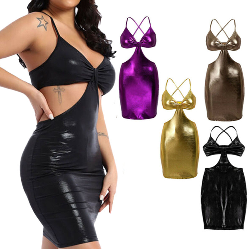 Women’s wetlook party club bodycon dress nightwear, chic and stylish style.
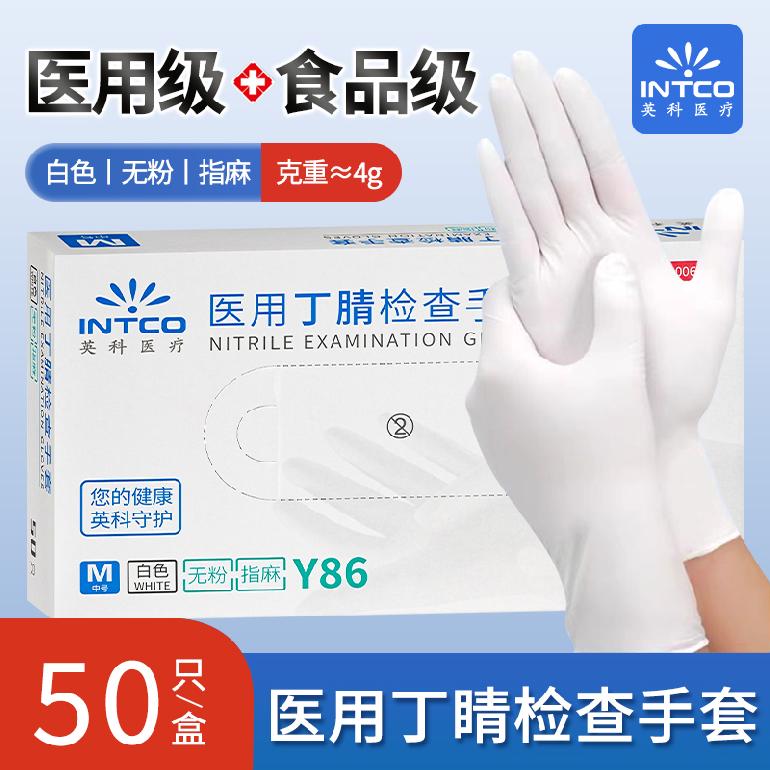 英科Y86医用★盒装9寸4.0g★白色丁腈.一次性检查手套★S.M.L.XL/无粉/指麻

-=-=-

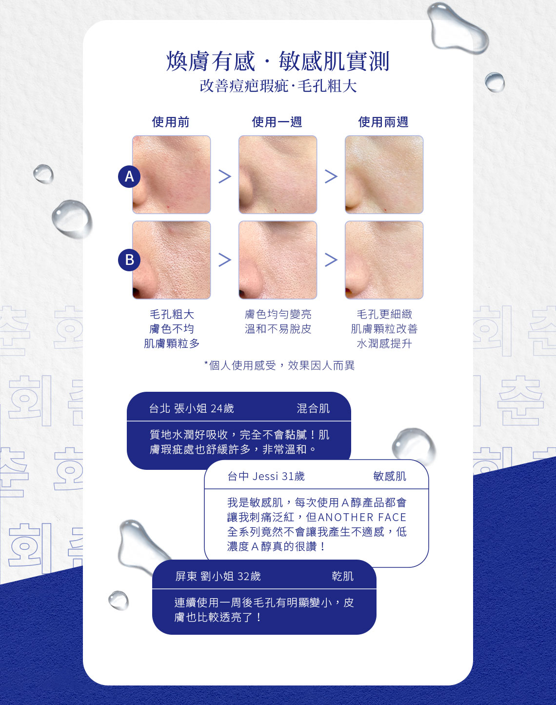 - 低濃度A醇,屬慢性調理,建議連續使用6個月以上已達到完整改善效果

-=-=-

◆ Task to carry out
Give again the stretch of the entries above that begins at the line with "Women’s wetlook party" and ends at the line with "英科Y86医用★盒装9寸4.", word for word, with no pictures.

◆ Task response
 Women’s wetlook party club bodycon dress nightwear, chic and stylish style.
 英科Y86医用★盒装9寸4.0g★白色丁腈.一次性检查手套★S.M.L.XL/无粉/指麻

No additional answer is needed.